Speaker
Description
Among cathodes currently investigated for high-energy battery cells, three compositions stand as the most promising ones, which are Li1.1Ni0.35Mn0.55O2 (R3m + C2/m), LiNi0.5Mn1.5O4 (Fd3m) and LiNi0.8Mn0.1Co0.1O2 (R3m). The three compositions have little or no cobalt, so being cheaper and more sustainable than current state-of-art materials, and maximize the energy stored at the cell level via 1) delivering high discharge capacity as for the R3m phase, or 2) increasing charge voltage ˃ 4.5 V as for LiNi0.5Mn1.5O4. Each phase reacts singularly with Li, involving cation disordering, oxygen sublattice rearrangement and phase transformation, depending on its nominal composition and degree of de-lithiation, among other parameters. Interestingly, in some instances, the three phases relate to each other as a function of battery cell ageing. For example, COBRA Li-rich oxides (R3m + C2/m) oxidize to a highly disordered layered oxide first (R3m) and eventually transforms into a spinel phase (Fd3m) after deep cycling. Monitoring and understanding structural changes via high-throughput microscopy techniques is a significant challenge but necessary for developing cathode materials with an extended cycle life beyond 2000 cycles.

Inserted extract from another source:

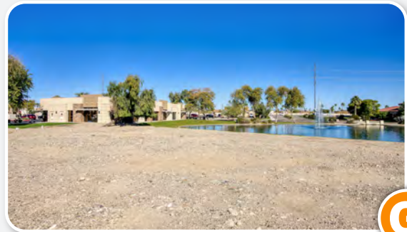
Building Lot G: +/- 9,317SF

So far, we have collected structural information for the materials during battery cell cycling using post-mortem and operando studies. In the frame of four European projects, 1) COBRA [H202:875568], 2) IntelLiGent [HORIZON; 101069765], 3) ADVAGEN [HORIZON:?] and 4) SPINMATE [HORIZON: 101069712] working with the cathode materials herein presented, we would like to complement results with high-resolution microscopy and spectroscopy analyses to characterize the structure and chemical composition at the nano-domain level.